Hed Mayner's Twisted Tailoring Set to Hit Florence
The crop of designers invited to guest-show at this week's edition of Pitti Uomo is diverse and creative, each with a unique approach to menswear.
Rooted in menswear classicism and sartorial references, their creative processes often venture into unexpected and experimental territory, marking a departure from traditional norms.
Among them, the Paris-based, Israeli-born designer Hed Mayner is set to captivate Florence with his men's fall 2026 show. He has garnered acclaim and the prestigious Karl Lagerfeld Prize at the 2019 LVMH Prize for Young Designers for his gender-fluid designs that play with proportions and layering.
Mayner's penchant for twisted tailoring stems from his obsession with the human form, seeking to mold it according to his vision while maintaining the credibility and wearability of his creations.
In an interview, Mayner shared, 'My work is deeply connected to the men's world and its classical elements. My process involves stretching and blurring these notions into something new.'
Pitti Uomo, renowned as the mecca of menswear traditionalism, provides an ideal platform for Mayner's subverted iterations, offering an unusual perspective on the fair.
Mayner's collections are characterized by their lack of articulate narratives, aligning with the principles of deconstructivism. Instead, they focus on form and silhouettes, exploring the idea of identity and its blurring.
'My work is always about identity and its fluidity,' Mayner explained. 'It's more about the mood and how people look, weaving a story through it. It's about the form, its purity, and how it transforms the body, giving it a new attitude.'
Mayner's approach to form is central to his creations. He believes that by working on it, he shapes not only the silhouette but also the wearer's character.
The venue for his show, the Palazzina Reale di Santa Maria Novella, a 1930s brutalist marble building in Florence, adds to the uniqueness of the event. Originally built for the Italian royal family, the building's proximity to the train station and bustling streets will provide an engaging experience for passersby.
Mayner's collection showcases sculpturally rounded silhouettes in a rich, muted palette of browns, navy blues, grays, and occasional vibrant pops of color, including purple, Klein blue, flashy green, and mirror silver.
'The shapes and silhouettes are closely connected to the body, more so than ever before,' Mayner noted. 'I've brought the body to the forefront, using tailoring to highlight each part individually.'
Proportions in the collection are twisted, resulting in fitted or out-of-the-body silhouettes that are mixed and woven together.
Mayner's attention to detail is evident in his use of varied textiles, including jersey mimicking woven fabrics or knitted faux fur, which he fits on female bodies to achieve the collection's defining silhouettes, evoking different characters.

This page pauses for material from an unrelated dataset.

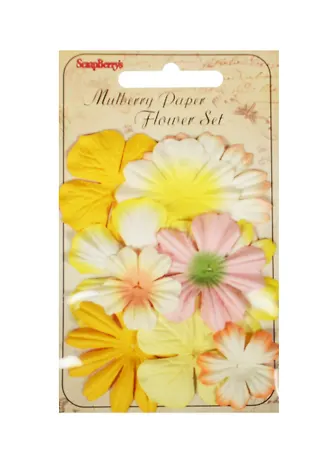 В наборе цветочки различных размеров и форм из шелковичной бумаги, которые станут отличным украшением для скрап-страничек, открыток, коробочек и т.д.

In his exploration of form, Mayner highlights clashing contrasts among and within different outfits. For instance, the exaggerated round-shaped shoulders of tailored jackets and capes are contrasted with tight-nipped waists, while pleated pieces in bondage-inspired fabrics have a 'furniture-like' quality.
Mayner's creative journey began in his teenage years, influenced by his creative family. He studied at Paris' Institut Français de la Mode before launching his eponymous brand in 2015, winning the Karl Lagerfeld Prize at the LVMH Prize for Young Designers four years later.
Mayner has unveiled his Made in Italy collections during the official Paris Fashion Week calendar, establishing retail partnerships with renowned boutiques. He has also led the creative direction of the Reebok Ltd. line, showcasing his versatility.
Italy holds a special place in Mayner's heart, as it has been a formative country where he honed his sartorial skills and eventually subverted them. It's also the primary location for his production and where he found partners to structure his company.
The designer's show in Florence feels like a full-circle moment, as he anticipates a positive experience at Pitti Uomo, meeting buyers, collaborators, and his team.
Over the past 11 years, Mayner's brand has grown organically, despite the challenges faced by independent labels in the luxury fashion industry. His business is primarily generated in Asia, with the rest split between Europe and the U.S.
'I'm grateful for what I have, and I want to continue growing, both personally and professionally,' Mayner expressed.